You always want to present the user with a nice URL-not some nasty auto-generated ID. But I dont think you should make said "friendly url" the primary key. You should still use a "classic" auto-incremented, numeric PK and have a second column that is a unique "friendly url". Why?
- All the comment tables, ratings
tables, whatever tables that have a
relationship with your content table
can use the numeric primary key.
This means smaller indexes and lower
memory use.
- Somebody will want to
change the friendly url. If you've
got a numeric primary key, you don't
have to update any of your dependent
tables (or have the DB do it via a
cascading update).
- In the future,
you can abstract out the URL bits
into another table. Said table can
then store "legacy" URL mappings
that issue redirects to the primary
"real" URL map. Then when the user
wants to change the friendly URL,
you don't have to break the all the
inbound legacy URL's. Couldn't do
this if your primary key was the
"friendly URL".
- I'd still be inclined to use the numeric primary key in all my AJAX goo (for example, a post_new_comment() javascript function would take the primary key, not some friendly URL). The only time I'd use the friendly URL is in any user-facing URL structure.

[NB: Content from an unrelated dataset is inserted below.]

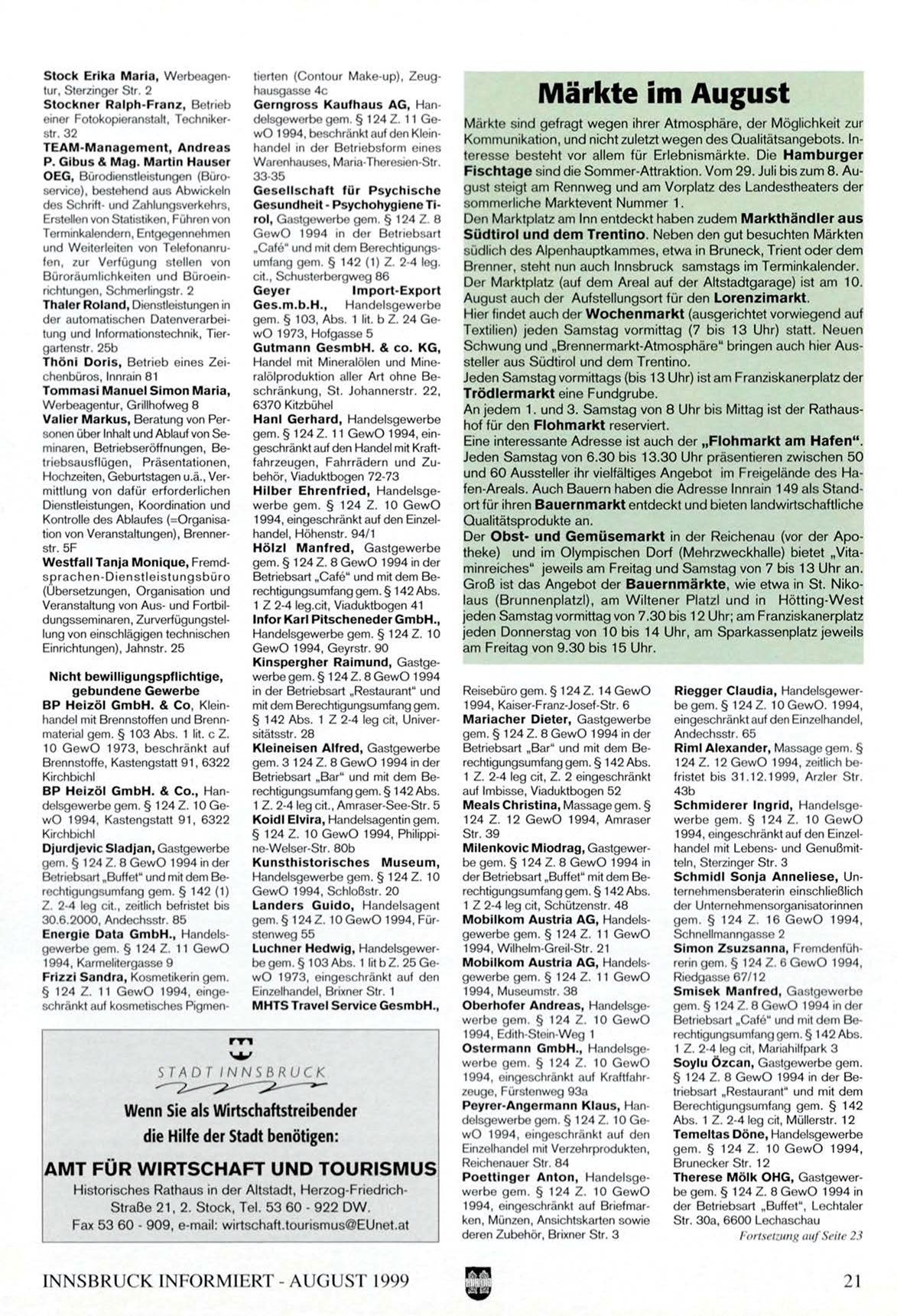 INNSBRUCK INFORMIERT-AUGUST 1999

- As for security? If your content is access controlled, you are gonna have to check access no matter if it is the primary key or some friendly URL.
- If you allow ways to get to the content via the primary key, people might try plugging in random ID's. If your requirement for not only limited access to content, but the denial said content exists, it is a matter of the phrasing of your errors. It is the same as with login failures--you dont say "username not found" you say "bad username or password". Plugging in random values to find content is gonna be a problem for any approach you take, it is just that with numeric keys there is way fewer values to try.
Bottom line: Friendly URL's? Hell yeah. Using them as the primary key? Hell no.